WORK INSTRUCTIONS:
Copy the data that follows, character for character, minus the pictures.

SUPPLIED MATERIAL:

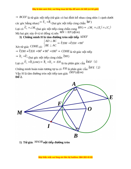 ứ minh MN / /EF 3) Ch ng ứ minh H là tâm c a ủ đư ng t ờ ròn n i ộ ti p t ế am giác DEF Đ 2 ề O Từ m t ộ đi m
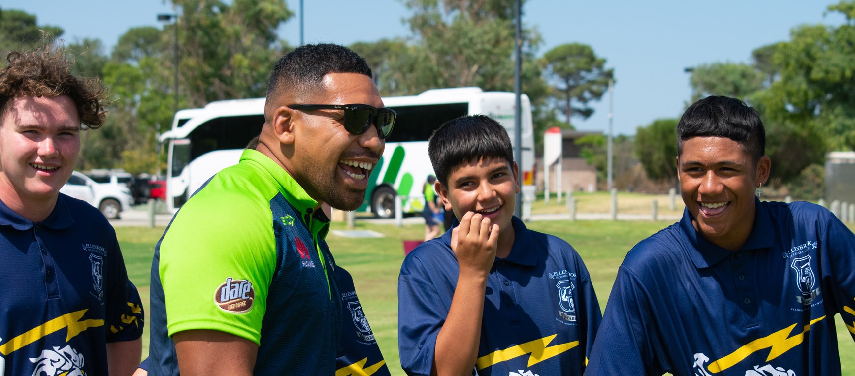The Canberra Raiders Nines squad visited Ellenbrook Senior College in Perth to run through some rugby league skills with them.
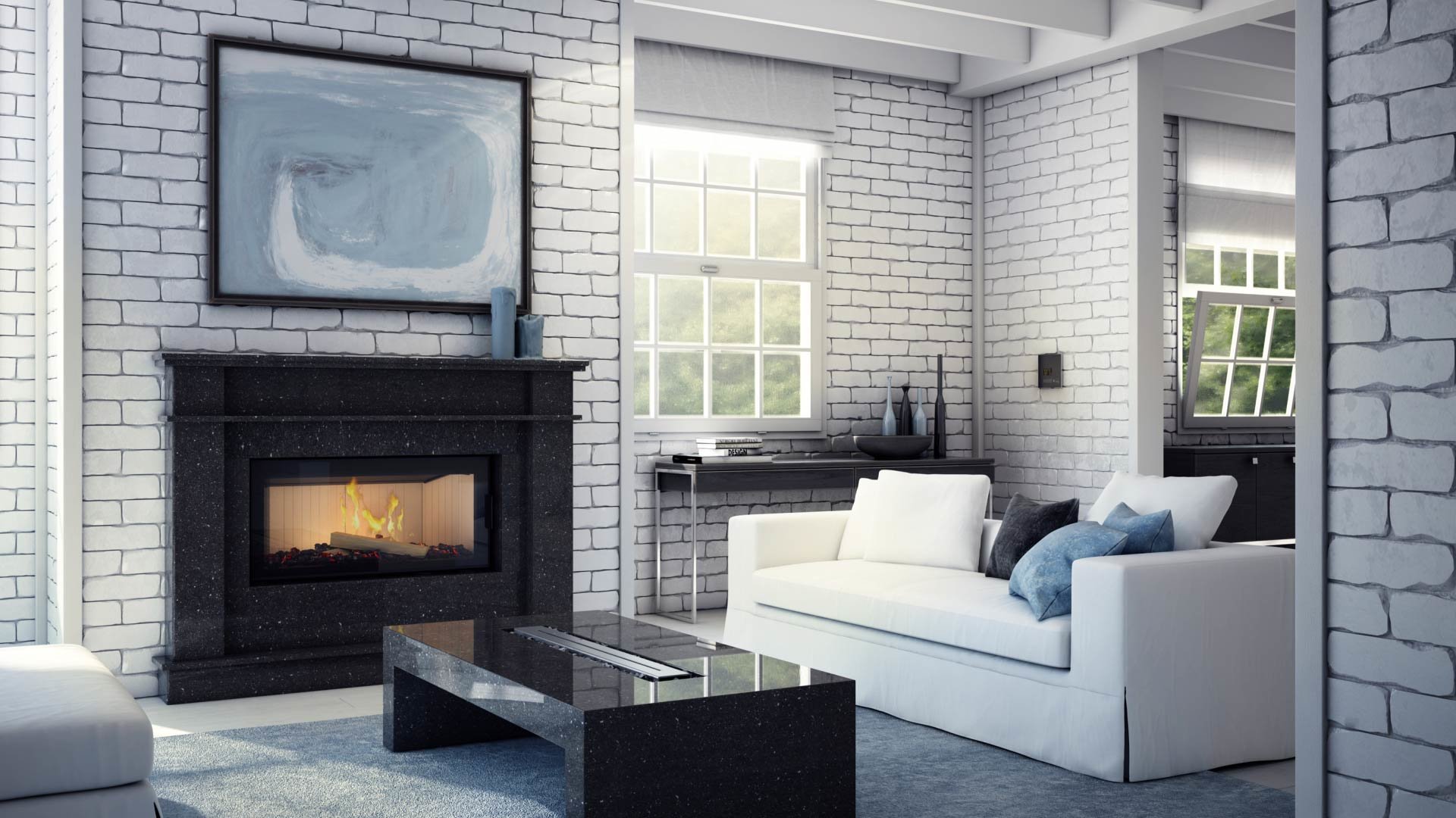 - Декоративная стеклянная панель типа glass, которая выдерживает температуру до 660 °C и предоставляет камину современного и элегантного вида, оптически увеличивает переднюю часть топки.
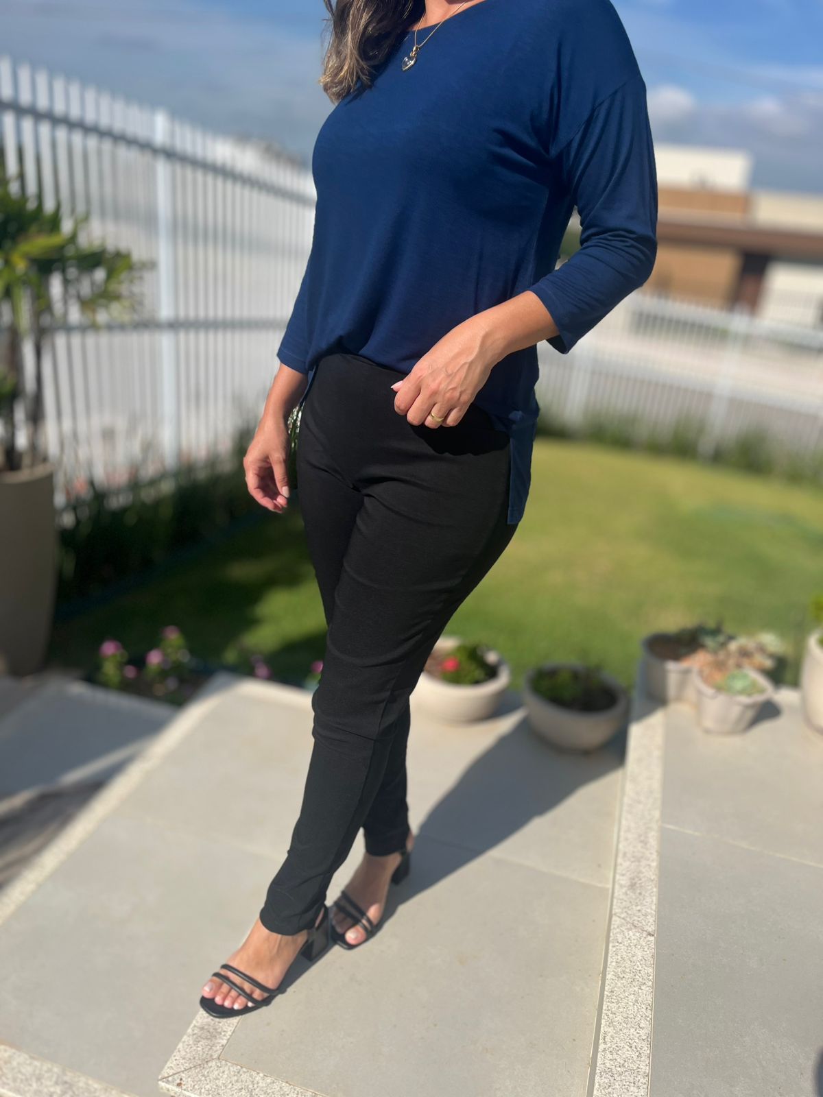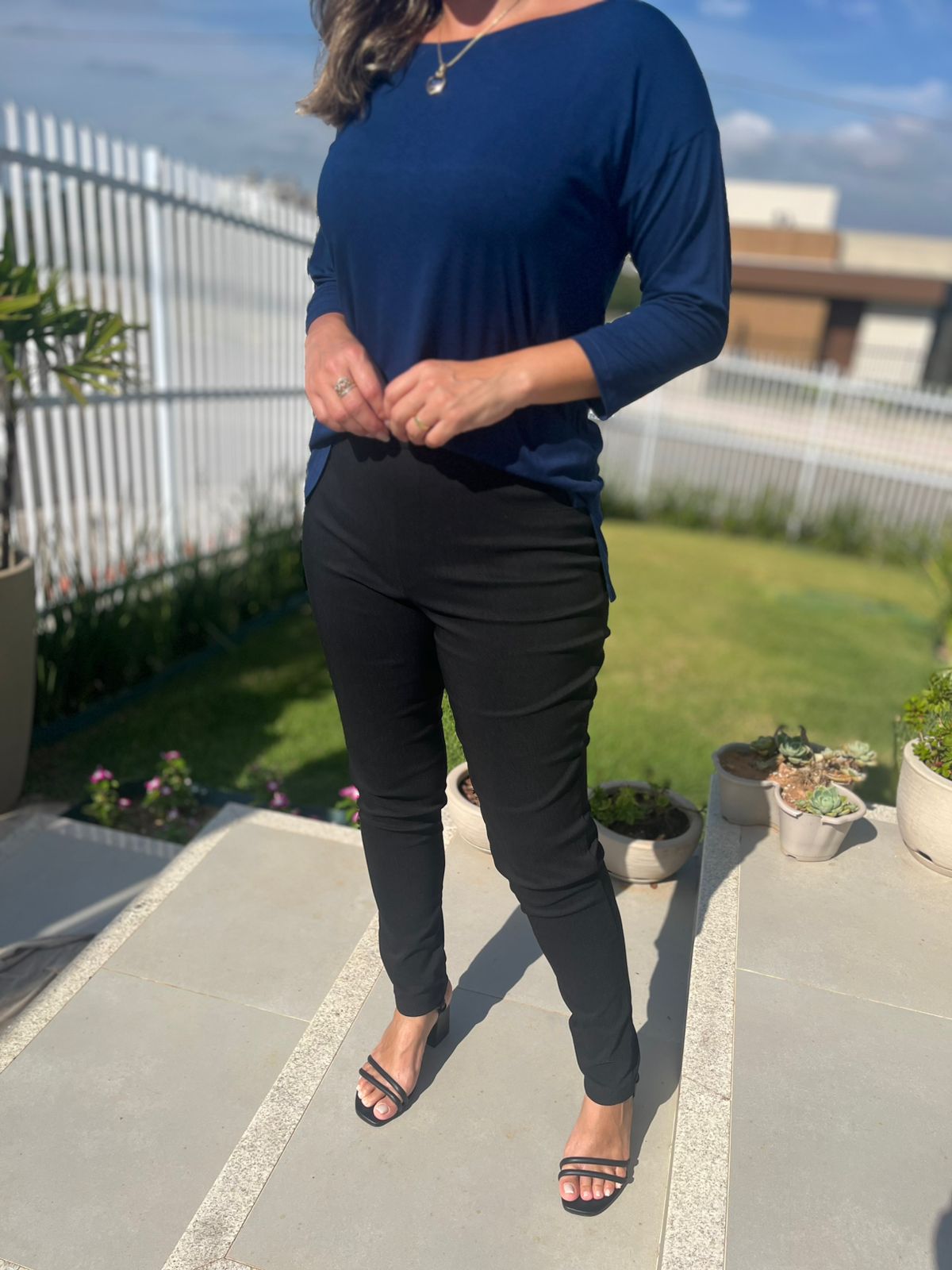 A legging em tecido bengaline é uma peça versátil que une o conforto de uma calça justa com a sofisticação de um tecido estruturado. Composto por viscose, poliamida e elastano, o bengaline oferece alta elasticidade, modela o corpo sem marcar excessivamente, é resistente e não transparente, sendo ideal para looks casuais.

REPLY:
 ứ minh MN / /EF 3) Ch ng ứ minh H là tâm c a ủ đư ng t ờ ròn n i ộ ti p t ế am giác DEF Đ 2 ề O Từ m t ộ đi m
The Canberra Raiders Nines squad visited Ellenbrook Senior College in Perth to run through some rugby league skills with them.
 - Декоративная стеклянная панель типа glass, которая выдерживает температуру до 660 °C и предоставляет камину современного и элегантного вида, оптически увеличивает переднюю часть топки.
 A legging em tecido bengaline é uma peça versátil que une o conforto de uma calça justa com a sofisticação de um tecido estruturado. Composto por viscose, poliamida e elastano, o bengaline oferece alta elasticidade, modela o corpo sem marcar excessivamente, é resistente e não transparente, sendo ideal para looks casuais.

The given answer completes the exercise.